Entering the kitchen, she folded her arms and leaned against the doorframe, primed for a quick getaway.

‘Montague,’ Vanessa began, baring her teeth in what she obviously imagined to be a winning smile. ‘Charlotte … I’ve been a good mentor to you since you arrived at
What’cha!
have I not?’

There was only one answer to that question, Charlee thought, crossing her fingers behind her back. ‘Yes, Vanessa.’

‘And I’ve helped too, whenever I could,’ Sally smiled, reached out and straightened Charlee’s collar. It was only with the greatest of difficulty that Charlee stopped herself from flinching.

‘I guess,’ Charlee replied, wondering where this was going.

‘So -’ Vanessa brought her hands together and steepled her fingers, as if she was about to pray. ‘We feel we ought to warn you.’

‘Warn me?’ Charlee felt as if someone had poured a jug of ice-cold water down the back of her neck. ‘About?’

‘Ffinch. The rumours.’ Sally moved over to the sink and fired up the coffee machine.

‘What rumours?’ Charlee made an effort to pull herself together; repeating phrases like a simple-minded parrot would get her nowhere.

‘His drug taking. What he was really doing in Darien. I mean, come on - taking his team deep into the rainforest and losing two of them in the process? How many people get captured by the Contras, held to ransom and live to tell the tale?’ Charlee went quiet; these were the very questions keeping her from sleep.

‘Go on,’ she prompted, feeling strangely disloyal for talking about Ffinch behind his back - especially with two harpies like Sally and Vanessa.

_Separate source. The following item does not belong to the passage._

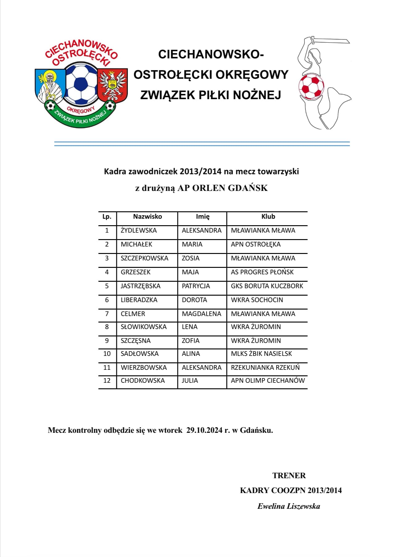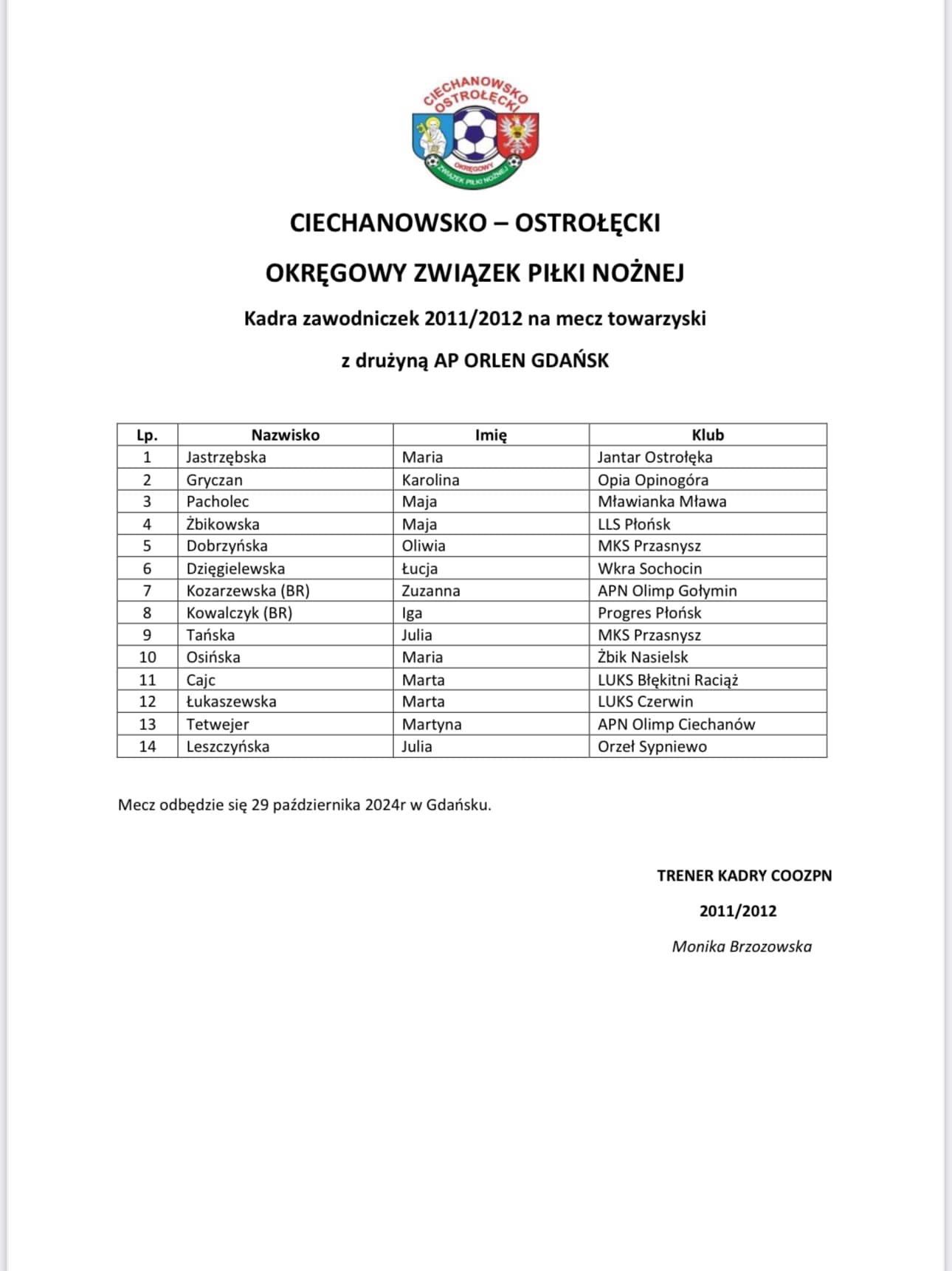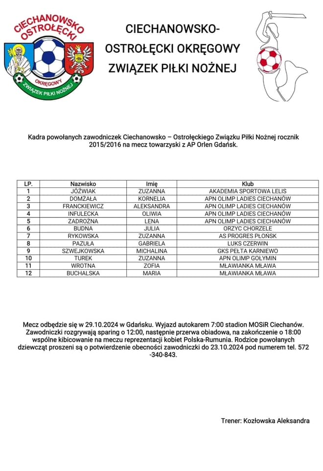 Trzy nasze zawodniczki: Zuzia Rykowska, Maja Grzeszek i Iga Kowalczyk otrzymały powołania do kadry COOZPN dziewcząt z roczników 2011/2012, 2013/2014 i 2015/2016. Dziewczynki rozegrają mecze kontrolne z drużyną AP Orlen Gdańsk i obejrzą mecz Reprezentacji Polski Kobiet z Rumunią. Brawo!

Then she remembered Sam’s mocking ‘put stars in her eyes’ and Ffinch’s economy with the truth and hardened her heart.

‘They say …’ Sally and Vanessa took a step closer to ensure they weren’t overheard. ‘They say that the charity he’s set up in Colombia …’ Sally’s voice dropped to a conspiratorial whisper and racked up the tension.

‘The one raising money to provide a hospital boat for the people who fished him out of the Amazon and nursed him back to health?’ Charlee didn’t want either woman to think that she was completely ignorant of her fiancé’s backstory. ‘What about it?’

‘Just that it’s a front for his other activities.’ Vanessa paused meaningfully.

‘What activities might those be?’ Charlee asked, raising a skeptical eyebrow. Vanessa and Sally had shown no interest in her welfare before now, so why were they acting like her fairy godmothers all of a sudden?

‘Gun running, drug smuggling, money laundering,’ Sally ventured. She gave Charlee a pitying look which suggested that someone high on l-u-r-v-e, and grateful for being singled out by a man like Ffinch wouldn’t see what was staring her in the face. That it was her duty as her superior - her friend - to point out these matters.

‘No-oh.’ The premise was so ridiculous that Charlee burst out laughing. Ffinch, a money launderer, a gun runner and a cokehead? ‘No-oh. Really, you’ve got it all wrong.’